3. Cupertino Cyclery - Cupertino, Ca - this place is just euphoric, very high end. Cervelos, Quintana Roo, Colnago, you name it they probably have it. Zipp dealer, etc. A little pretentious but very cool after you become familiar with them. The first time I walked in here I was still on my search for a road bike...they were inspecting the ironman bikes and my jaw just dropped. (my wallet also crindged.)


----------



## roguedog (Jun 30, 2006)

huh...

I've been to the Los Altos store and they're not bad.. I've been wanting to go check out the RWC store.

Cupertino.. Man, I wandered in there for like 20 min at least and NO ONE spoke to me or even asked me if I needed help. And the store ain't that big so it's not as if it's not obvious. It wasn't only me. Another customer, a guy, actually got on his cell phone and started some conversation with his friend about looking for bikes and he didn't get any attention either. I just left outta disgust after my 20 min. And yes, on the service side there were like 3-4 folks. I wandered there as well. Not high on my list at all.


----------



## wchane (Aug 8, 2006)

You may want to try this new shop. 'Breakaway' in Saratoga on the corner of big basin way and sunnyvale saratoga road. it's right behind the starbucks opposite of the 76 station and fire station. 

I've yet to go there, but sounds like a more friendly shop.
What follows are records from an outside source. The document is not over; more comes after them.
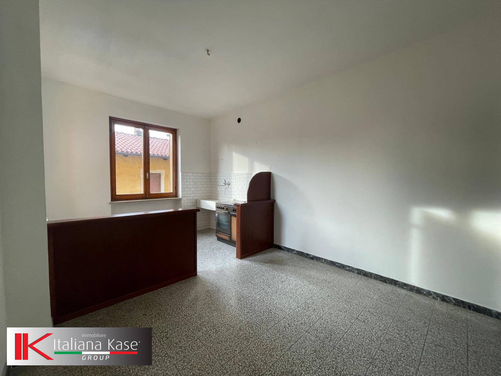 La cucina abitabile e molto luminosa in quanto sono presenti due finestroni con infissi in legno provvisti di vetrocamera.
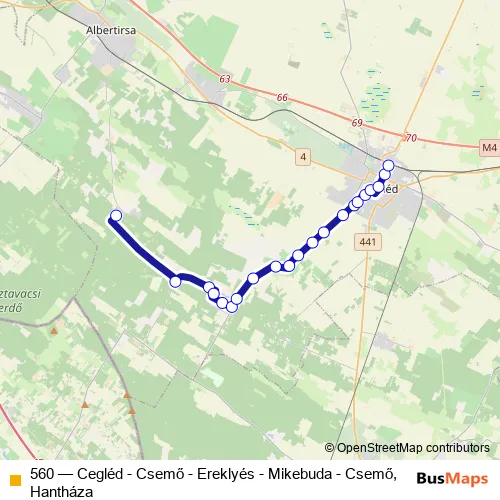 The first stop of the 560 bus route is Mikebuda, községháza and the last stop is Cegléd, autóbusz-állomás. 560 (Cegléd - Csemő - Ereklyés - Mikebuda - Csemő, Hantháza) is operational during everyday.
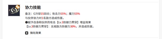 该技能需与其他角色协力释放,对单一敌人造成55%攻击力的基础伤害。协同成功后,凡妮莎与协作者均可获得防御贯穿增益,无视敌方30%防御力,并附加额外伤害。这一机制使得她在双人联动战术中表现亮眼,尤其适合与高攻低破防的角色搭配,提升整体输出穿透力。
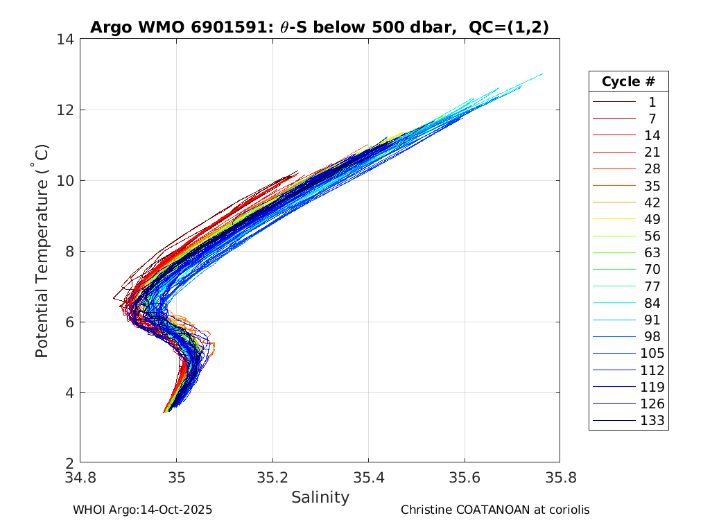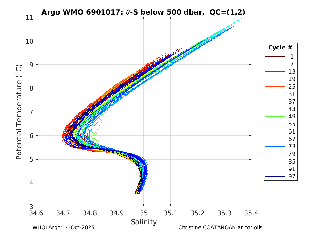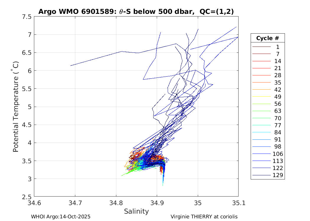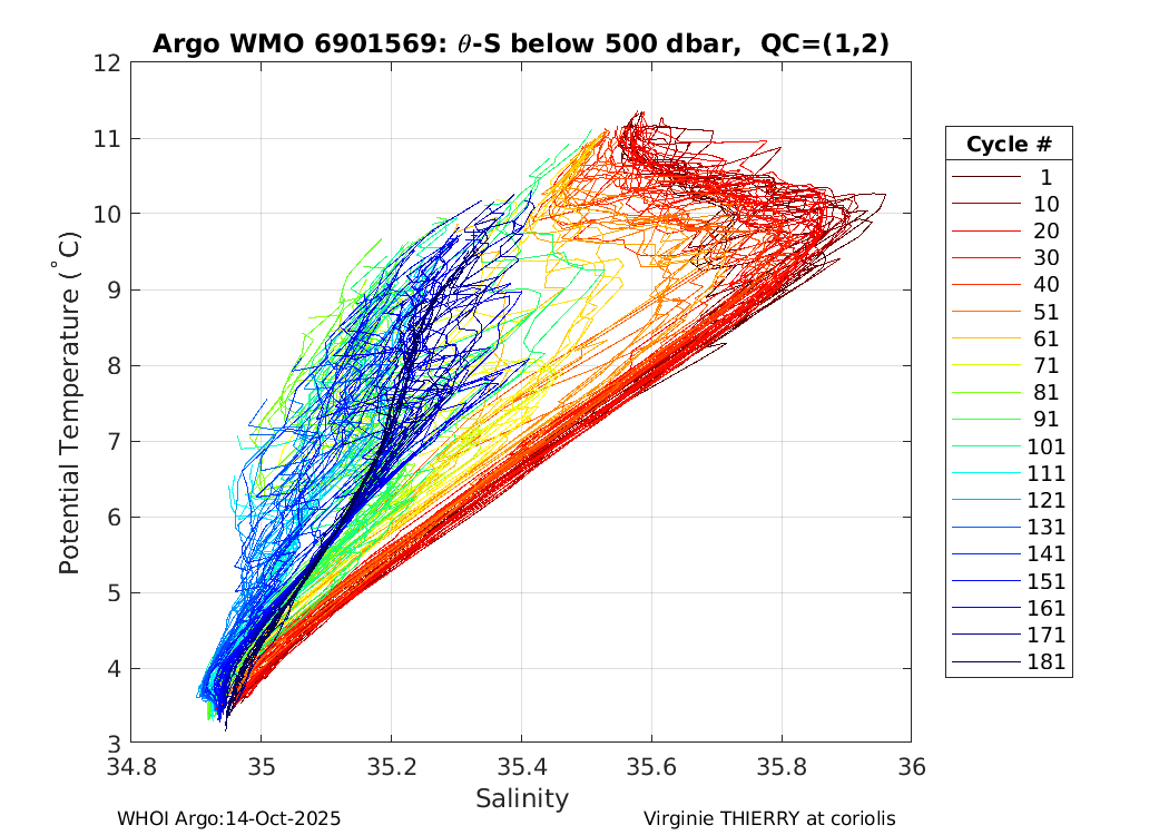 | WMO: #4901701 DAC: aoml PI: BRECK OWENS, STEVEN JAYNE, P.E. ROBBINS S2-A: #7247 SBE41CP: #4903 DRUCK_2900PSIA: #3585754 Altimeter Comparison (IFREMER) EuroArgo Link | ![]() |
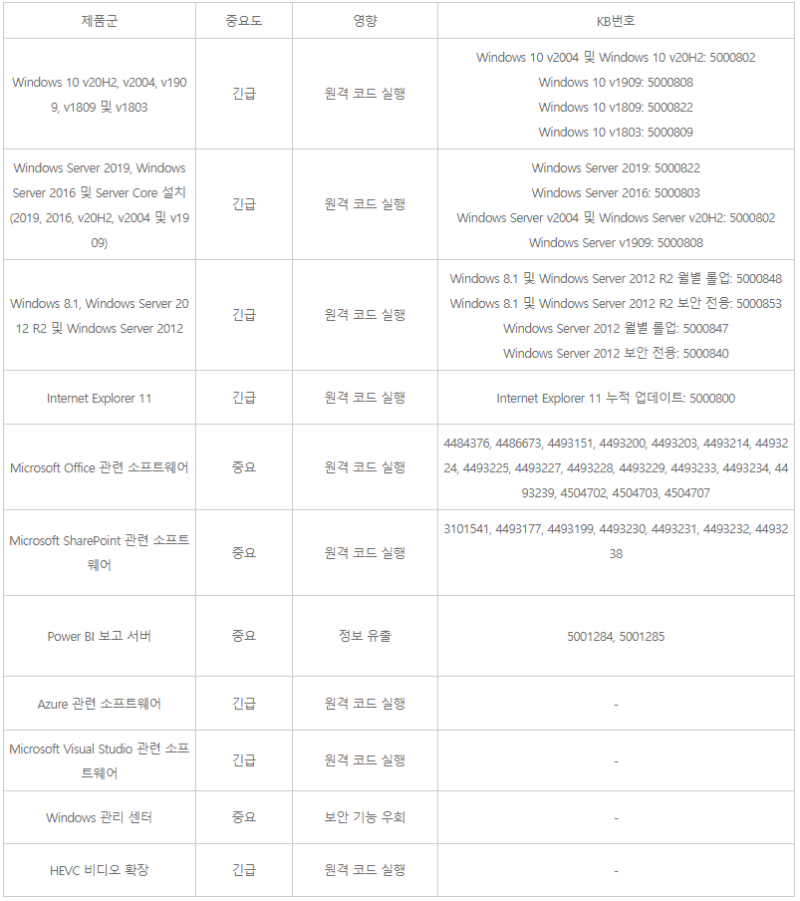 □ 3월 보안업데이트 개요(총 11종) o 등급 : 긴급(Critical) 7종, 중요(Important) 4종 o 발표일 : 2020.3.10.(수) o 업데이트 내용 ![]()
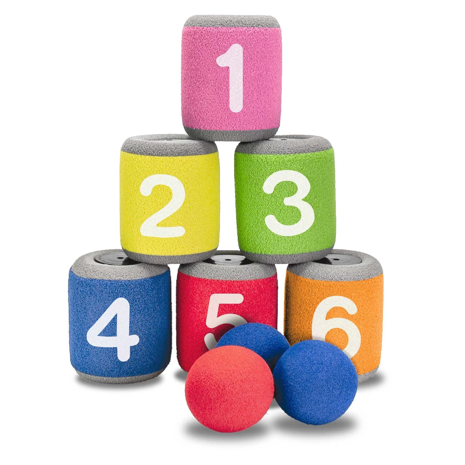 Stapel de blikjes op tot een piramide en ontdek wie het beste kan mikken! Het zachte materiaal is geschikt voor binnen en buiten.
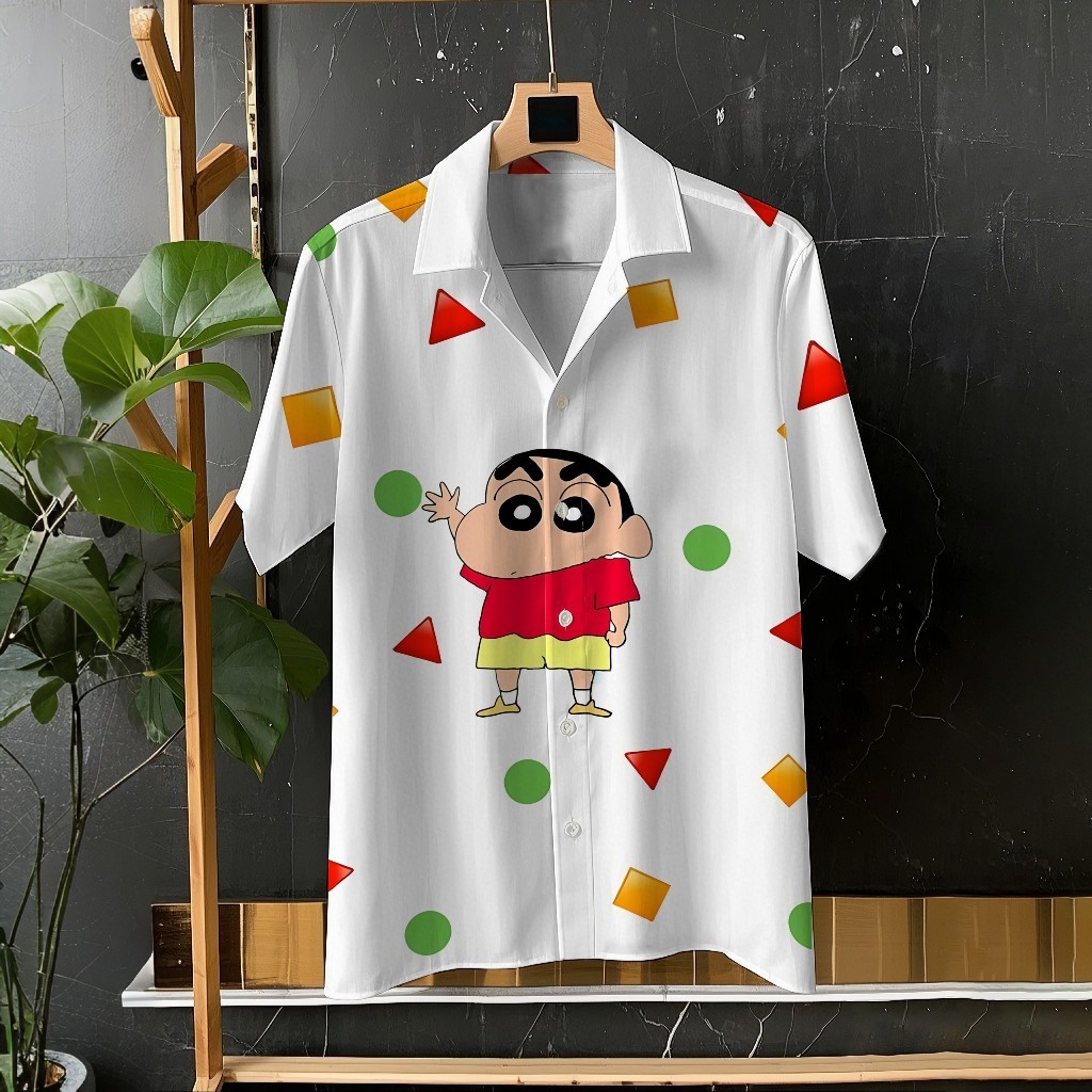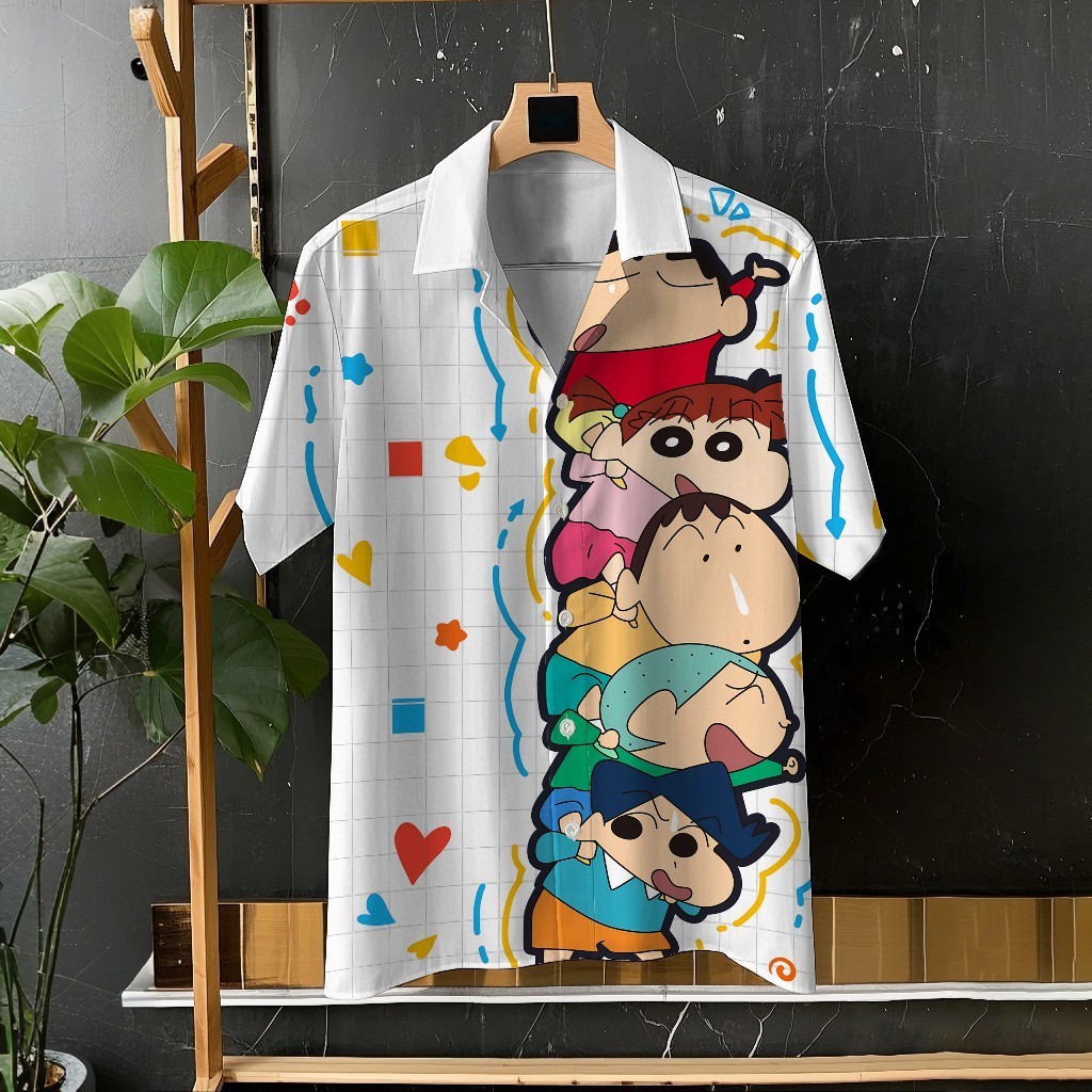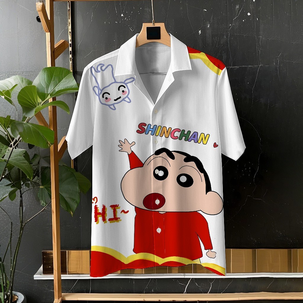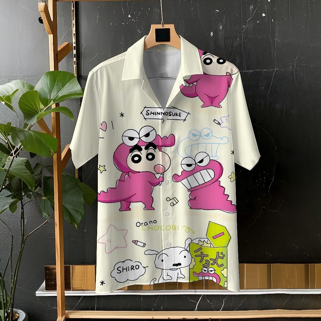 Crayon Shin-chan และ Xiaobai น่ารักการ์ตูนพิมพ์ Unisex เสื้อแขนสั้นเสื้อลำลองทุกวันอเนกประสงค์สบายวันหยุดขนาดใหญ่ S-5XL
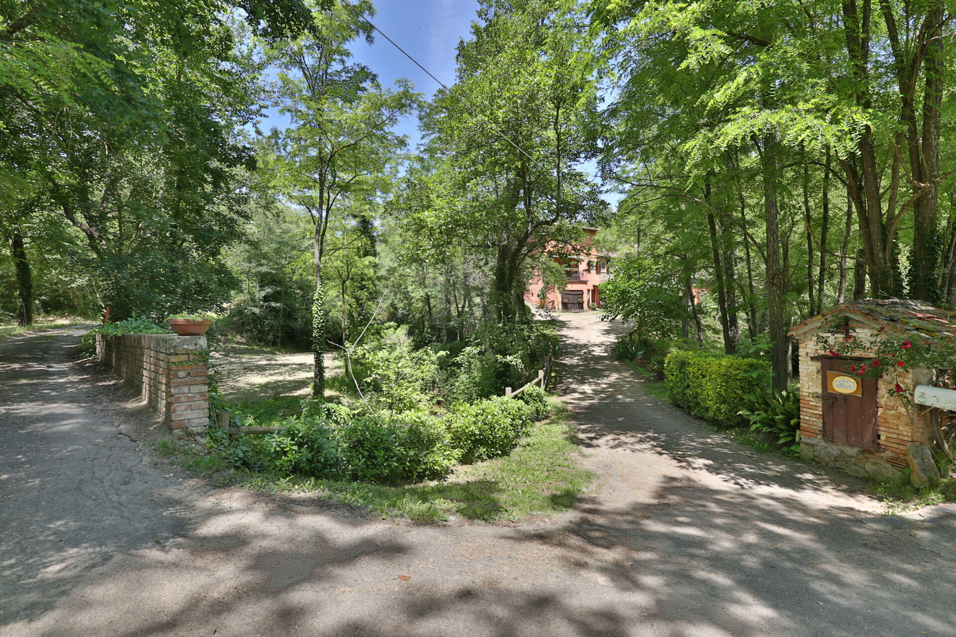 L'intera proprietà è composta dal Podere e si estende per circa 8 ettari di campi e boschi di querce. La strada di accesso alla proprietà prosegue oltre il piccolo ponte fino alla fine del suo percorso verso le case dell'antico Mulino del Doccio.
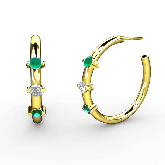 Yeşil kuvars, swarovski ve kök zümrüt 14 ayar altın küpe
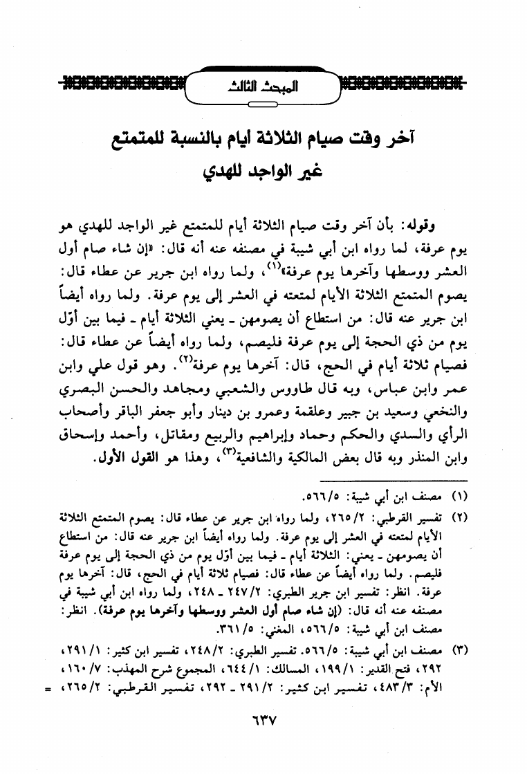 نام کتاب : فقه عطاء بن أبي رباح في المناسك مقارنة بينه وبين فقه الصحابة والتابعين وأصحاب المذاهب نویسنده : محمد بن عبد العزيز اللحيدان جلد : 1 صفحه : 637
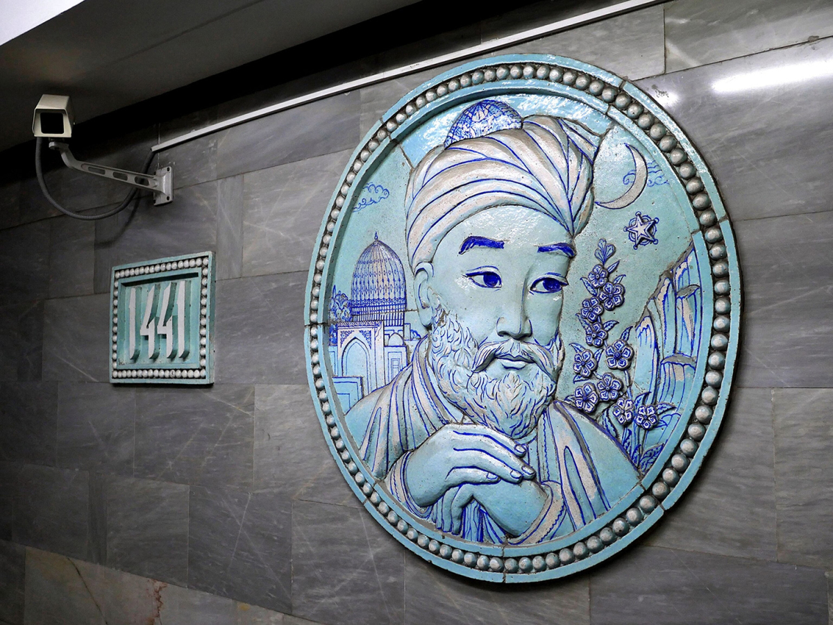 Các ga tàu điện được trang trí theo phong cách khác nhau, điển hình là ga có bức phù điêu một con chim hùng vĩ được quây bởi một vòm nhọn Arab, kỷ niệm Tashkent 2.200 tuổi. Tại ga Pakhtakor, đó là một bức tranh khảm có tông màu xanh làm nổi bật những sợi bông nở ra từ thân cây cam, ám chỉ một trong những ngành công nghiệp chính của nước này. Trong ảnh là bức điêu khắc Alisher Navoi, một trong những người bắt đầu truyền thống thơ ca của người Uzbekistan. Ảnh: Amos Chapple/RFE/RL
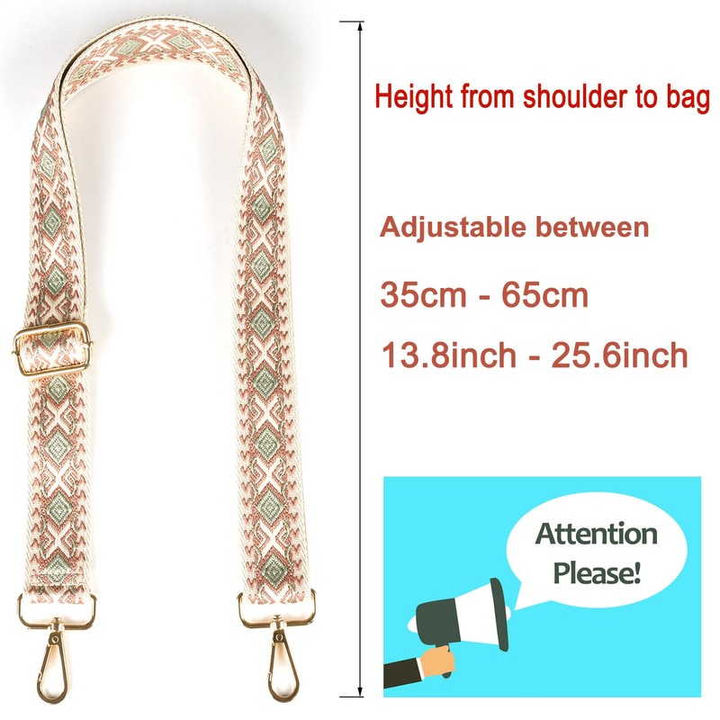 - Adjustable length: The length of the strap can be easily adjusted between 80cm to 140cm(32"-55"). It is fit for the hight from shoulder to bag is about 35cm to 65cm(13.8"-25.6"), making it suitable for customers of different heights and carrying preferences.

http://forums.roadbikereview.com/showthread.php?p=727870#post727870



roguedog said:


> huh...
> 
> I've been to the Los Altos store and they're not bad.. I've been wanting to go check out the RWC store.
> 
> Cupertino.. Man, I wandered in there for like 20 min at least and NO ONE spoke to me or even asked me if I needed help. And the store ain't that big so it's not as if it's not obvious. It wasn't only me. Another customer, a guy, actually got on his cell phone and started some conversation with his friend about looking for bikes and he didn't get any attention either. I just left outta disgust after my 20 min. And yes, on the service side there were like 3-4 folks. I wandered there as well. Not high on my list at all.


----------



## Rondo (Apr 27, 2006)

*Your kidding right!*



desmo13 said:


> Pegasus bicycle works in Danville, road and dirt, cannondale, bianchi, felt, Pinerello, Willer etc. and high end stuff, but treat us not high end people very well.
> 
> And it is a little stretch from the Bay area, but Davis Wheelworks, lots of high end, very friendly and cool.
> 
> ...


I have been to Pegasus 3 times, all of which were to give them the benifit of a doubt from my first visit. You MUST work there or have a frtiend who does to recommend them, attitude is what they are all about, nothin but attitude! They wrote the book on what gave roadies a bad name!


----------



## desmo13 (Jun 28, 2006)

Rondo said:


> I have been to Pegasus 3 times, all of which were to give them the benifit of a doubt from my first visit. You MUST work there or have a frtiend who does to recommend them, attitude is what they are all about, nothin but attitude! They wrote the book on what gave roadies a bad name!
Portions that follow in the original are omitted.